Over the course of the first couple days in the Hospital, checks were run regularly on my vitals. Blood sugar and pressure were both running high. After tests were performed, I was diagnosed as a Type 1 Diabetic with high blood pressure.

Strapped to tubes and focused an injured foot, I had little idea what that meant - for me. I'd seen it in my Dad, watched my Grandfather wither away from it, and encountered friends with it, but was shocked that I was now part of that dubious club.

I don't know when it started, don't know how long I've had it. Blood sugar problems could've been behind the scenes for years as I consumed carelessly. But I've honestly never known the blood sugar highs and lows that most insulin-necessary diabetes suffer. My pescatarian life has been mostly comfortable. One too many sodas, for sure, but I don't have a sweet tooth anymore and am not a foodie thanks to my history with UC.

A little bit of me suspects this covid angle suggested by CIDRAP, as the timeline jives, but don't have true proof of when blood sugar started running high.

Again, I have to be angry with myself for not getting levels checked after my Dad died from diabetes. I understood his pain and struggle, but not in the context of living it.

A splinter from my past infecting the present.

Living it has given me a whole new appreciation of the disease. How my diet has completely changed to align to keeping blood sugar down. Multiple blood draws daily to monitor glucose levels. Taking things slower and more deliberately to lessen blood pressure. Managing stress and hunger pangs.

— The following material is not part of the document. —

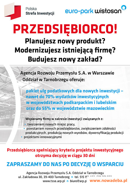 Agencja Rozwoju Przemysłu S.A. w Warszawie Oddział w Tarnobrzegu oferuje wsparcie dla przedsiębiorców - pakiet ulg podatkowych dla nowych inwestycji oraz pomoc w tworzeniu nowych miejsc pracy czy zwiększeniu zdolności produkcyjnych.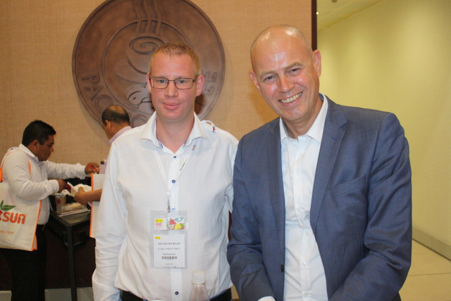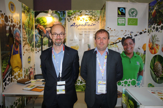 "Hans-Willem van der Waal en Geert Demeyere van AgroFair. Sinds dit jaar werkt AgroFair met bananen uit Nicaragua. Vanuit China is er nog niet al te veel interesse in Fairtrade-bananen, maar wel vanuit andere Aziatische markten, zoals Japan. "Fytosanitair zijn er wel belemmeringen, maar niet zo groot, dat we ze niet op kunnen lossen."

While healing from a wound, sore toe joints and infection-bruised swelling, I'm also having to undertake new dietary habits, check vitals multiple times per day, and take more pills regularly than I have in my life.

All of this from an inch-sized splinter.

Infection

I think we each hold splinters that are infecting our ability to live long, strong and healthy. The splinters are kept sanitized by positive reinforcements from culture and advertising, but the infection of greed can be seen in our ads alone.

The cost of being a care-free consumer in modern society is our lives - from the unhealthy foods and lifestyles pushed our way from birth, to the constant rotation of promotions that are sure to secure your death.

Strapped to a hospital bed, I watched daytime TV for the first time in decades. I was dismayed by the ad content directed at viewers during that window.

Ads promoting food terrible for humans, featuring people who most likely are diabetic and/or have an array of health issues that would keep them from eating what they're promoting.

Misleading, manipulative ads targeting seniors.

Ambulance-chaser and class action ads.

And countless advertisements for new drugs to fight Ulcerative Colitis, a condition I beat the last time I took my health into my own hands. It seems as though medicine is no closer to finding an answer for this debilitating condition. I made it out if its grasp; this time, though, I fear the meds have me.

As three different antibiotics worked to beat bugs back in my system, I found that propaganda is still a powerful form of infection that probably contributed to who I am now.

Wake-up Puncture

There is a hard road ahead for me. The visions of my Dad and Grandfather dying as a result of diabetes haunts me. Their gruesome ends are the stuff of my nightmares.

At a year-and-a-half away from 50, I have a greater sense of my fragility.

I never imagined that I would end up like my Dad, but I should've seen it coming. More proof that I'm not a seer, just a normal creative human with a keen aptitude for words, and good artistic vision and intuition, who is sometimes too smart for his own good, sometimes prone to stupid mistakes that result in suffering and surgery.

Pain is part of the plotline.

So is making better choices.

This splinter was not a catastrophe, not the end of my world. But it was a wake-up call to be more cautious and less careless, be more deliberate and less chaotic, be more here and less there.

There is wisdom in this splinter, and I will embody it.